▼

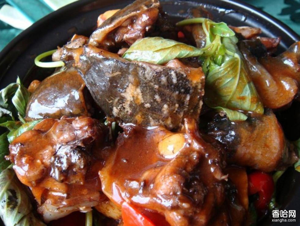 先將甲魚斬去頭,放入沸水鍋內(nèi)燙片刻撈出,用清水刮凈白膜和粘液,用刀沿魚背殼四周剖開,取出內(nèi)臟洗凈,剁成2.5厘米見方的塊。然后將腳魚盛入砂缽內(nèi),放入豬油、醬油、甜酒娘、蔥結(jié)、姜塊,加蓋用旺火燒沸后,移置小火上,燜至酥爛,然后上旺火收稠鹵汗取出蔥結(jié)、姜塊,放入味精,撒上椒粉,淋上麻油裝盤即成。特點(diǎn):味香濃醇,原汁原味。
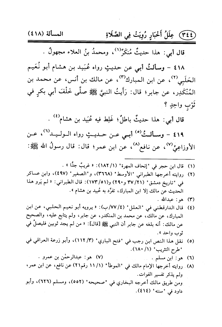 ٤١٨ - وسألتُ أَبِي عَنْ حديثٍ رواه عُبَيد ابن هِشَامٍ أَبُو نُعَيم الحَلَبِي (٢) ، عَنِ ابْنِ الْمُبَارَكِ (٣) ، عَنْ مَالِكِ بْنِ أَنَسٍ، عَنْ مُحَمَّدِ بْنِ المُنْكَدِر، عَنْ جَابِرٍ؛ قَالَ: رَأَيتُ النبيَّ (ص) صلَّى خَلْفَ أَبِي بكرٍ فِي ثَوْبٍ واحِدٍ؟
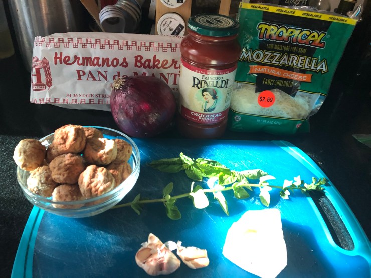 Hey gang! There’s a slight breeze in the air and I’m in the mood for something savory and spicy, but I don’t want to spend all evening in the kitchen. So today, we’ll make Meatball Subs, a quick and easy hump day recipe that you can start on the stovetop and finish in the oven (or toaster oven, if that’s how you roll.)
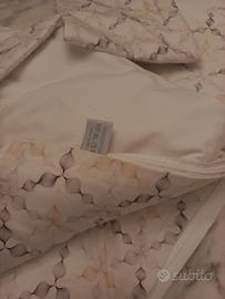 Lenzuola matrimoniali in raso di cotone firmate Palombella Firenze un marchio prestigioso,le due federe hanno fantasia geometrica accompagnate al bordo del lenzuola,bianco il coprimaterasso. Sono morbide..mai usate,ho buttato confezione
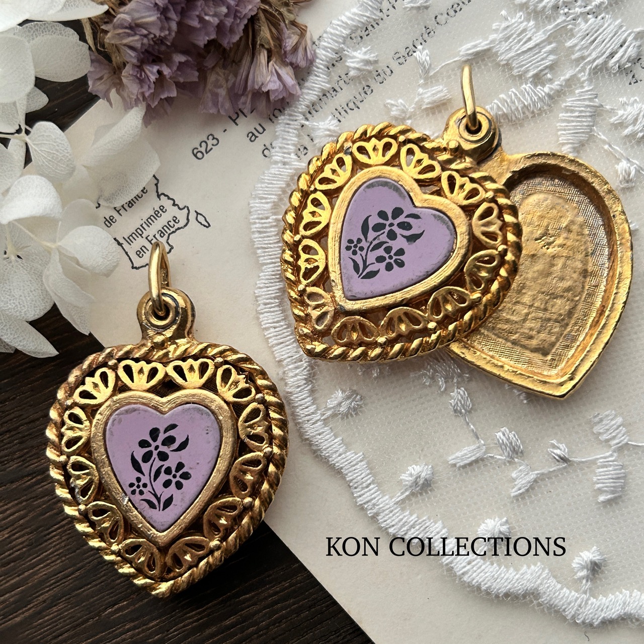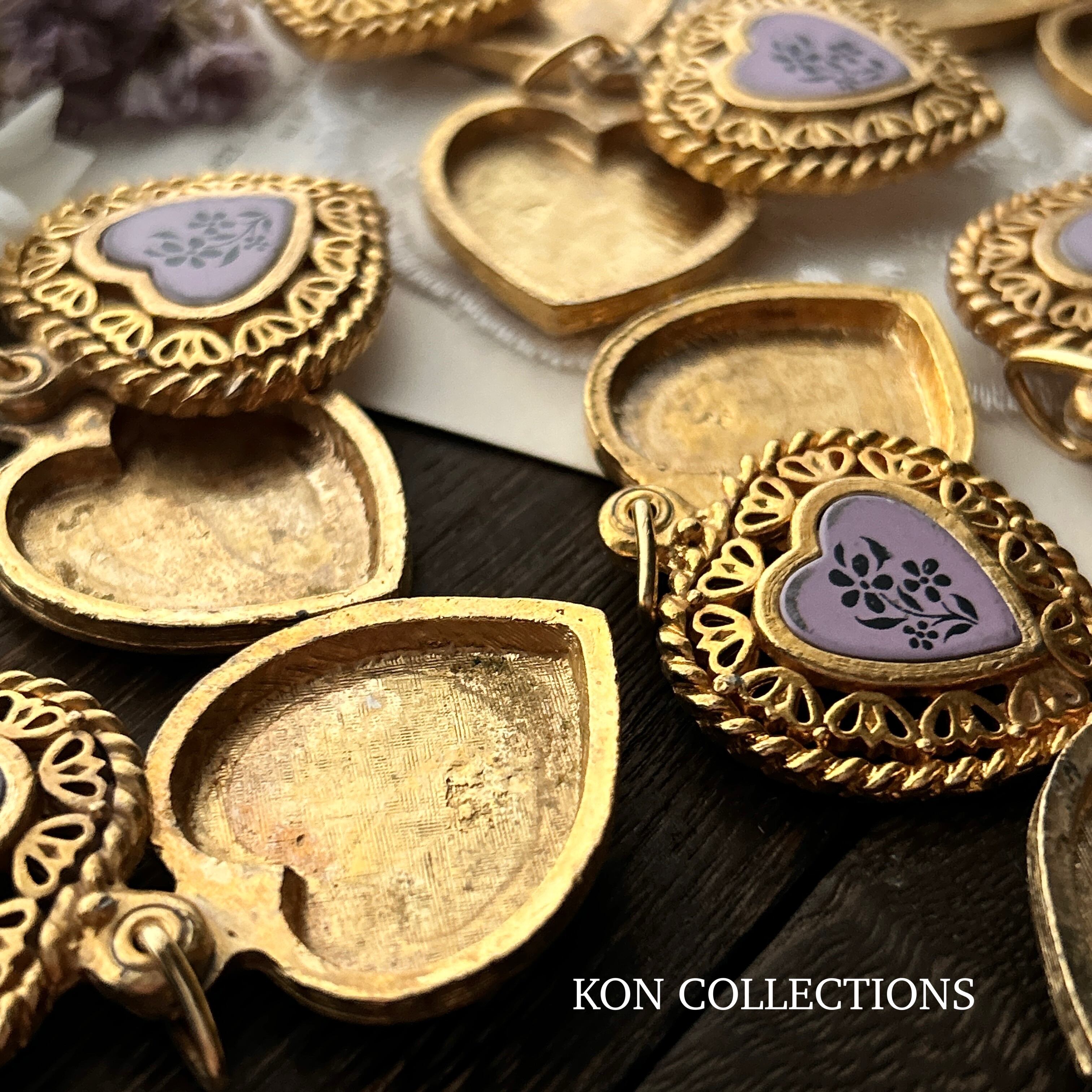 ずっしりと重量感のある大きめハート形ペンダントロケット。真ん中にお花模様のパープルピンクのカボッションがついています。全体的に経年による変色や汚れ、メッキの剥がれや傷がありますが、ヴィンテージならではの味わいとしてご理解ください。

▲

Without the pictures, return all the entries above exactly as they stand.

 先將甲魚斬去頭,放入沸水鍋內(nèi)燙片刻撈出,用清水刮凈白膜和粘液,用刀沿魚背殼四周剖開,取出內(nèi)臟洗凈,剁成2.5厘米見方的塊。然后將腳魚盛入砂缽內(nèi),放入豬油、醬油、甜酒娘、蔥結(jié)、姜塊,加蓋用旺火燒沸后,移置小火上,燜至酥爛,然后上旺火收稠鹵汗取出蔥結(jié)、姜塊,放入味精,撒上椒粉,淋上麻油裝盤即成。特點(diǎn):味香濃醇,原汁原味。
 ٤١٨ - وسألتُ أَبِي عَنْ حديثٍ رواه عُبَيد ابن هِشَامٍ أَبُو نُعَيم الحَلَبِي (٢) ، عَنِ ابْنِ الْمُبَارَكِ (٣) ، عَنْ مَالِكِ بْنِ أَنَسٍ، عَنْ مُحَمَّدِ بْنِ المُنْكَدِر، عَنْ جَابِرٍ؛ قَالَ: رَأَيتُ النبيَّ (ص) صلَّى خَلْفَ أَبِي بكرٍ فِي ثَوْبٍ واحِدٍ؟
 Hey gang! There’s a slight breeze in the air and I’m in the mood for something savory and spicy, but I don’t want to spend all evening in the kitchen. So today, we’ll make Meatball Subs, a quick and easy hump day recipe that you can start on the stovetop and finish in the oven (or toaster oven, if that’s how you roll.)
 Lenzuola matrimoniali in raso di cotone firmate Palombella Firenze un marchio prestigioso,le due federe hanno fantasia geometrica accompagnate al bordo del lenzuola,bianco il coprimaterasso. Sono morbide..mai usate,ho buttato confezione
 ずっしりと重量感のある大きめハート形ペンダントロケット。真ん中にお花模様のパープルピンクのカボッションがついています。全体的に経年による変色や汚れ、メッキの剥がれや傷がありますが、ヴィンテージならではの味わいとしてご理解ください。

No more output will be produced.